I just spent last weekend chasing Rio Grande Turkeys in North Texas and called in a monster gobbler on the first afternoon I was out int he woods.. I never could get him to come in close enough for the shot.. but spent a full half hour "talking" to him, and had him strutting all over the field and acting like a damn fool before he finally got frustrated and moved on.. I didnt shoot a turkey last weekend.. but it was still a "successful" hunt in my book.. I managed to call one in (just couldnt get him inside 50 yards), and had a blast interacting with him and the probably 2 dozen hens I called in over the weekend... for me, pulling the trigger and filling the freezer is only 1 small component of "hunting".. being out in the woods and interacting with wildlife is a much bigger piece..
With animals like elk (and turkey) there is generally a lot more interaction than with deer, pigs, bears, etc.. where you largely set up an ambush over a food plot, water source, bedding area, etc.. and just wait for them to go where they normally go and do what they normally do... with elk you need to lure him into the ambush.. or do a "spot and stalk" which is a whole 'nother kind of hunt all together..
Had my first elk hunt last September and filled my tag.
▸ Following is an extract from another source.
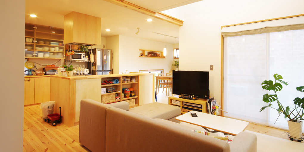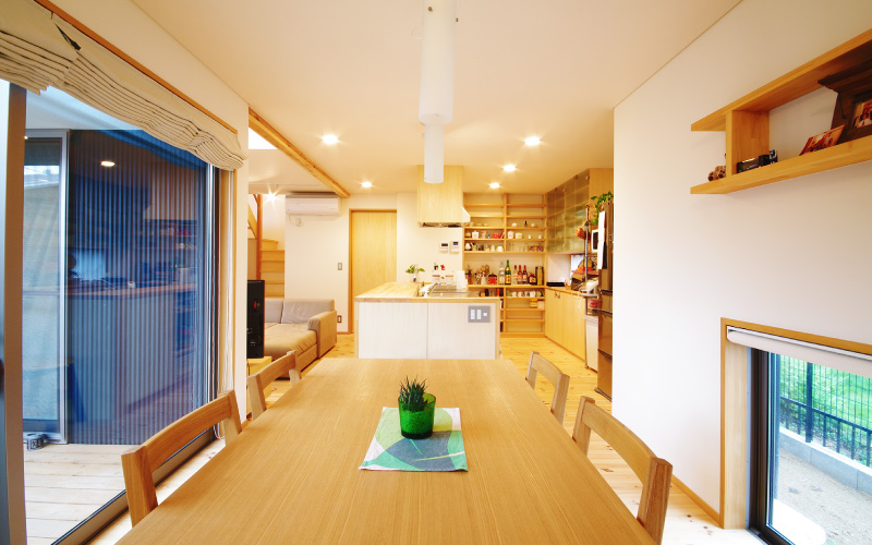 キッチンを軸としたL字のプランとすることで、ひとまつながりの空間にもリズムが生まれました。
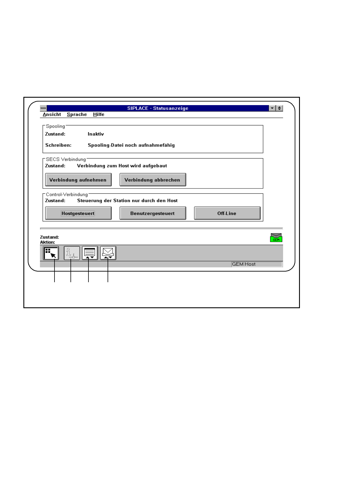 Betriebsanleitung SIPLACE 80S-20/F4/F4-6 11 Stationserweiterungen/Optionen Ausgabe 07/97 ab Softwareversion SR.403.xx 11.9 GEM-Schnittstelle 11 - 69 ● Control Verbindung (S iehe auch Abschnitt 11.9.2.3 GEM Defaulteinstel…

Most exhilirating thing I have ever done. Shooting was the easy part. Field dressing then walking 200+lbs of quartered meat a mile out of the dense woods was more than I had prepared for but worth every minute.
My hunting rules:
1. Don't shoot unless you have a clean, clear shot.
2. Be sure of your target and what is behind it.
3. Make the best shot you can, adrenaline pumping through game meat makes it taste "gamey"
4. Get the skin off and cool the meat asap for the best tasting meat possible.